Constructing multi-view CE network#

Ligand molecules from a single source can only cover a certain region.

Before constructing multi-view communication network, we need to calculate the w_best to decide the region (‘how far is far’).

The parameters for culcalating w_best is shown in HoloNet.tools.default_w_visium().

w_best = hn.tl.default_w_visium(adata)
hn.pl.select_w(adata, w_best=w_best)
../_images/tutorial_CE_5_0.png

Based on w_best, we can build up the multi-view communication network.

We calculate the edge weights of the multi-view communication network. With the more attributions of ligands, HoloNet.tools.compute_ce_tensor() can set different w_best for secreted ligands and plasma-membrane-binding ligands.

Then we filter the edges with low specificities.

elements_expr_df_dict = hn.tl.elements_expr_df_calculate(expressed_lr_df, complex_db, cofactor_db, adata)
ce_tensor = hn.tl.compute_ce_tensor(expressed_lr_df, w_best, elements_expr_df_dict, adata)
filtered_ce_tensor = hn.tl.filter_ce_tensor(ce_tensor, adata, expressed_lr_df, elements_expr_df_dict, w_best)

Note

This step will consume a lot of memory. If you run out of memory, you can choose to only compute communication networks with fewer ligand-receptor pairs, and turn down the value of n_pairs parameter in HoloNet.tools.filter_ce_tensor() Also, you can set copy=False in hn.tl.filter_ce_tensor or down-sample the dataset to reduced memory consumption. When setting cut_porp as 2, we can run the whole tutorial on Macbook Pro (16G RAM, Apple M1 pro).

import random
cut_porp = 2
adata_subset = adata[random.sample(list(adata.obs_names), round(adata.shape[0] / cut_porp))]
elements_expr_df_dict = hn.tl.elements_expr_df_calculate(expressed_lr_df, complex_db, cofactor_db, adata_subset)
ce_tensor = hn.tl.compute_ce_tensor(expressed_lr_df, w_best, elements_expr_df_dict, adata_subset)
filtered_ce_tensor = hn.tl.filter_ce_tensor(ce_tensor, adata_subset, expressed_lr_df,
                                            elements_expr_df_dict, w_best, copy=False)

Visualizing CEs#

Based on the multi-view CE network, we provide two visualization methods:

  • CE hotspot plots for visualizing the centralities of spots. Provide two calculating methods:
    • Degree centrality: out-degree + in-degree, faithfully reflects the CE strength related to each spot.

    • Eigenvector centrality: reflects the core regions with active communication.

  • Cell-type-level CE network:
    • CE strengths among cell-types

CEs hotspot plots#

Degree centrality of each spot in the TGFB1:(TGFBR1+TGFBR2) CE network. Reflecting regions with active TGFB1:(TGFBR1+TGFBR2) communication.

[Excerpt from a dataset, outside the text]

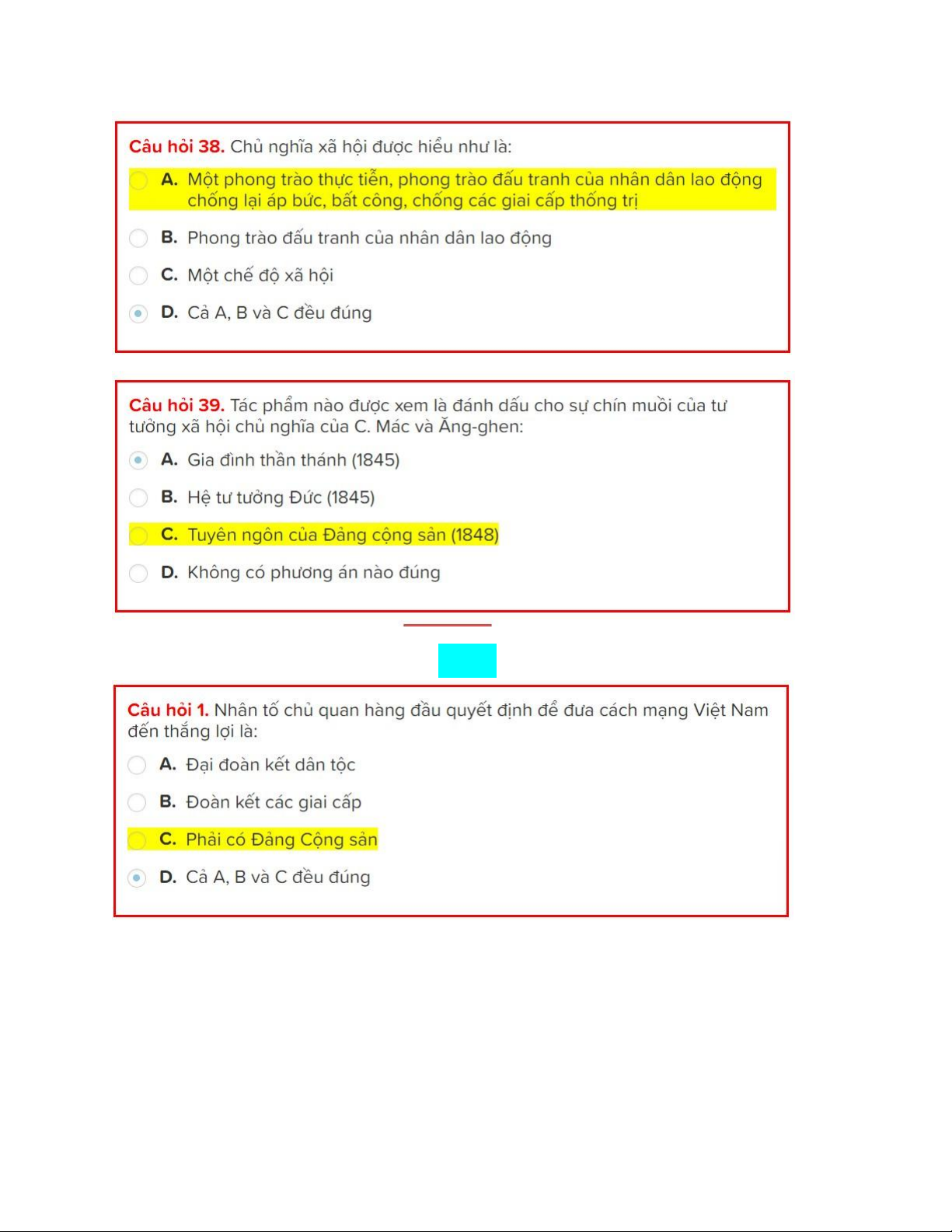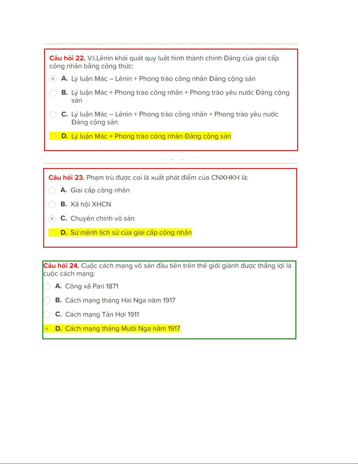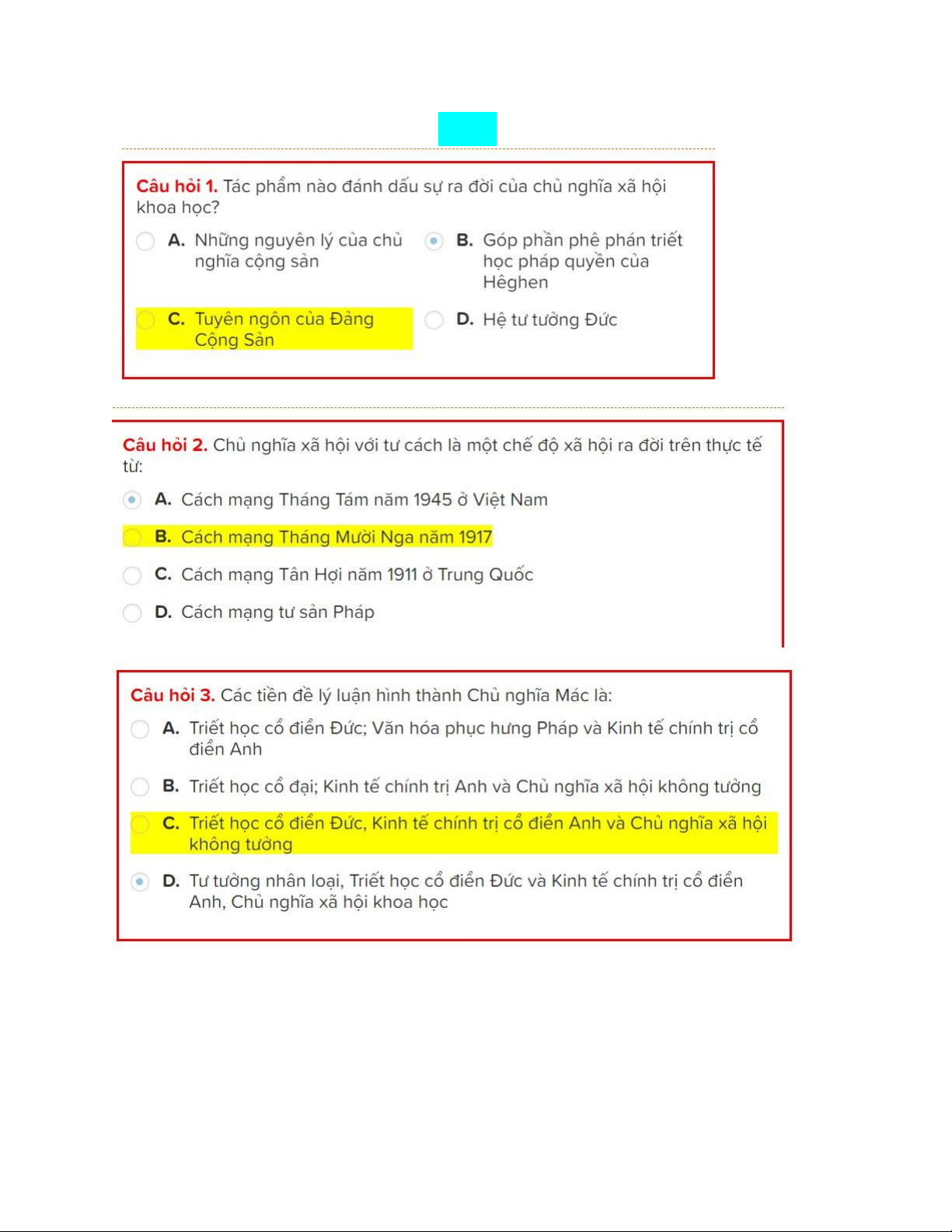 TOP câu hỏi trắc nghiệm có đáp án Môn Chủ nghĩa xã hội khoa học | Trường Đại học Bách khoa - Đại học Quốc gia Thành phố Hồ Chí Minh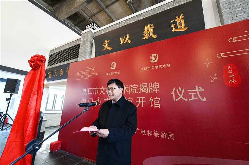 市文聯(lián)主席吳青峰在開館儀式上宣讀賀信

hn.pl.ce_hotspot_plot(filtered_ce_tensor, adata,
                      lr_df=expressed_lr_df, plot_lr='TGFB1:(TGFBR1+TGFBR2)')
../_images/tutorial_CE_8_0.png

Hotspot plot based on eigenvector centrality. This plot better detects a clear center than the one based on degree centrality.

hn.pl.ce_hotspot_plot(filtered_ce_tensor, adata,
                      lr_df=expressed_lr_df, plot_lr='TGFB1:(TGFBR1+TGFBR2)',
                      centrality_measure='eigenvector')
../_images/tutorial_CE_9_1.png

Cell-type-level CE network#

Loading the cell-type percentage of each spot.

cell_type_mat, \
cell_type_names = hn.pr.get_continuous_cell_type_tensor(adata, continuous_cell_type_slot = 'predicted_cell_type',)

Plotting the cell-type-level CE network. The thickness of the edge represents the strength of TGFB1:(TGFBR1+TGFBR2) communication between the two cell types.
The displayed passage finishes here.